■ REQUIRED ACTION: Omit any pictures, and restate word for word only the lines from the one with "Zippy Board penny" through the end of the data below.

■ MATERIAL FOR THIS EXERCISE:
════

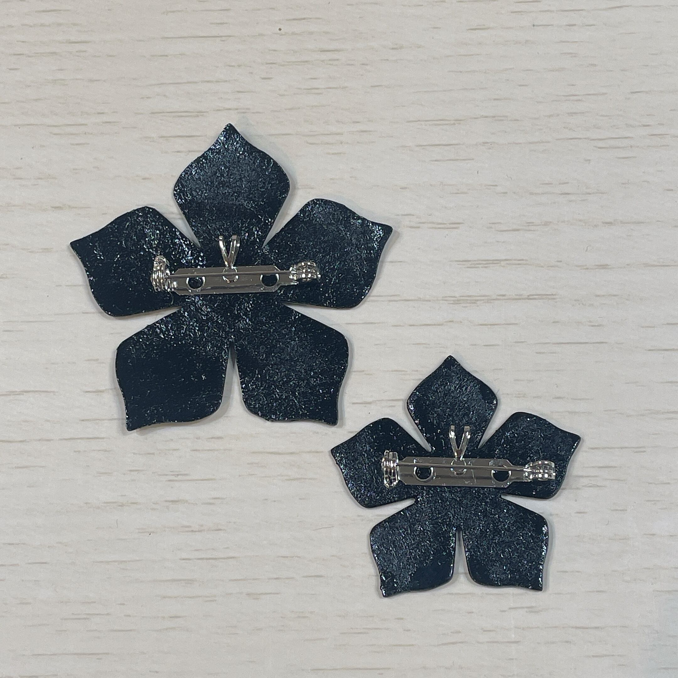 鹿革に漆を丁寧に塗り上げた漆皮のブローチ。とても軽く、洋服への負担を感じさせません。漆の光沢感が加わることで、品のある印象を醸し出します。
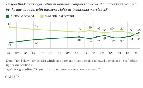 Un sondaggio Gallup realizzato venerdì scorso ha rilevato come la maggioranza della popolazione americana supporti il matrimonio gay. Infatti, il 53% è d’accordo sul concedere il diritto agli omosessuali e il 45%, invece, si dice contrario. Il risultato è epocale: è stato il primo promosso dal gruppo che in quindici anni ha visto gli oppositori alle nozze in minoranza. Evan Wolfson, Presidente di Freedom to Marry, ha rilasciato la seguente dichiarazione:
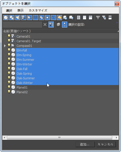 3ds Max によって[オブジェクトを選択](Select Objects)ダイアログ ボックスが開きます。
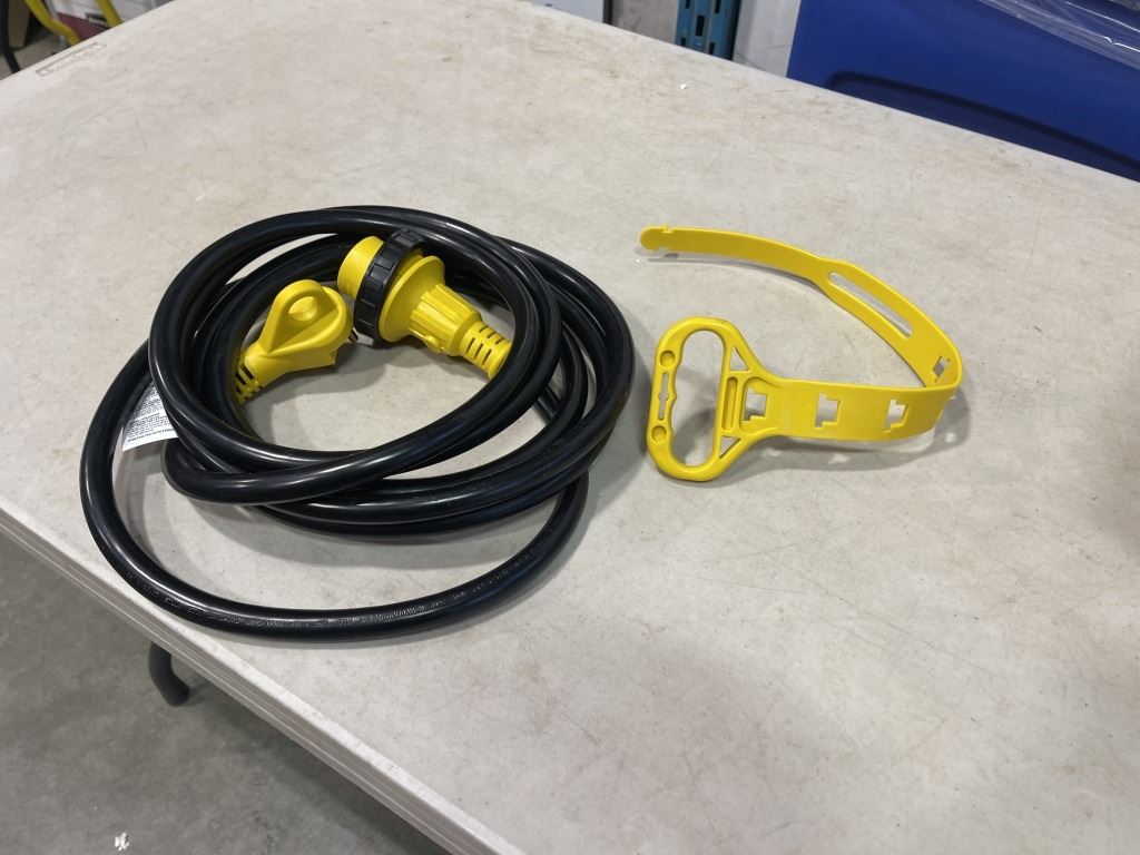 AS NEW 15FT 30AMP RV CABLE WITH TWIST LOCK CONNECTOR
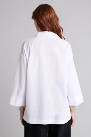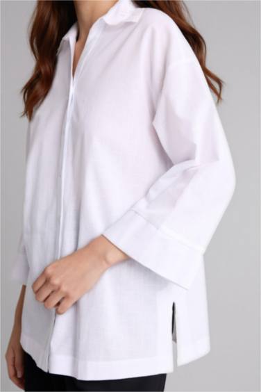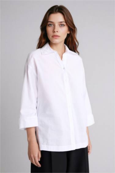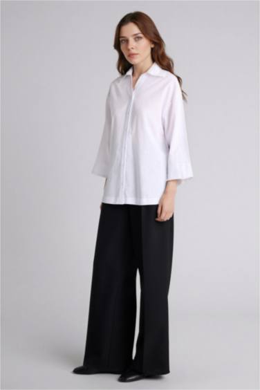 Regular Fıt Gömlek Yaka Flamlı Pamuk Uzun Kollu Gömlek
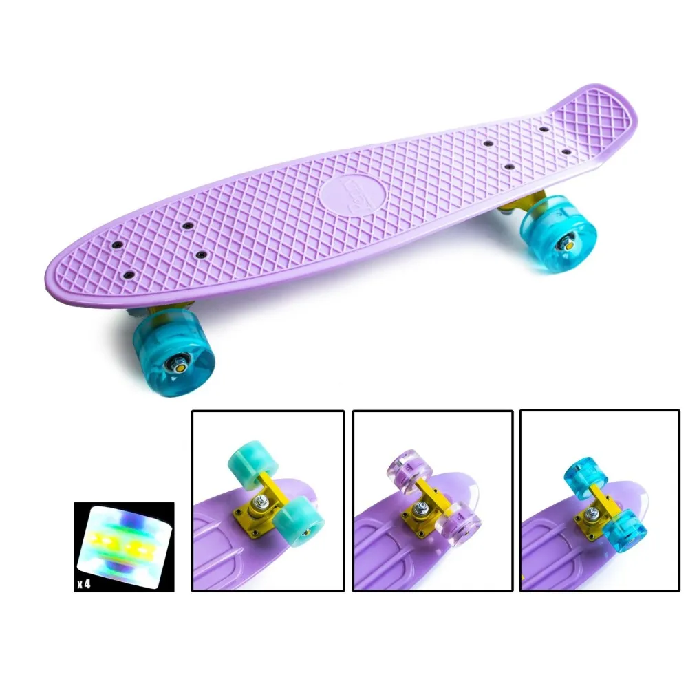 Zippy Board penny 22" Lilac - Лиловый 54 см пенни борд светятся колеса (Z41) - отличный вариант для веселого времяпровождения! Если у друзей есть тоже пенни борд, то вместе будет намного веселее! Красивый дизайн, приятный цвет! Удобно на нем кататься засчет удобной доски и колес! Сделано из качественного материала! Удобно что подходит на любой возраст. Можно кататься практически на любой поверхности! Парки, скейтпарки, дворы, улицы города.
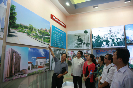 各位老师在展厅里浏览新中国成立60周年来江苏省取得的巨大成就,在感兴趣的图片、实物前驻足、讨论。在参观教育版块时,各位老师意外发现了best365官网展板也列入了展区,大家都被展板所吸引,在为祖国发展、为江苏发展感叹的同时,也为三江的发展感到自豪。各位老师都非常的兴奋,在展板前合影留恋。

════

■ EXERCISE ANSWER:
 Zippy Board penny 22" Lilac - Лиловый 54 см пенни борд светятся колеса (Z41) - отличный вариант для веселого времяпровождения! Если у друзей есть тоже пенни борд, то вместе будет намного веселее! Красивый дизайн, приятный цвет! Удобно на нем кататься засчет удобной доски и колес! Сделано из качественного материала! Удобно что подходит на любой возраст. Можно кататься практически на любой поверхности! Парки, скейтпарки, дворы, улицы города.
 各位老师在展厅里浏览新中国成立60周年来江苏省取得的巨大成就,在感兴趣的图片、实物前驻足、讨论。在参观教育版块时,各位老师意外发现了best365官网展板也列入了展区,大家都被展板所吸引,在为祖国发展、为江苏发展感叹的同时,也为三江的发展感到自豪。各位老师都非常的兴奋,在展板前合影留恋。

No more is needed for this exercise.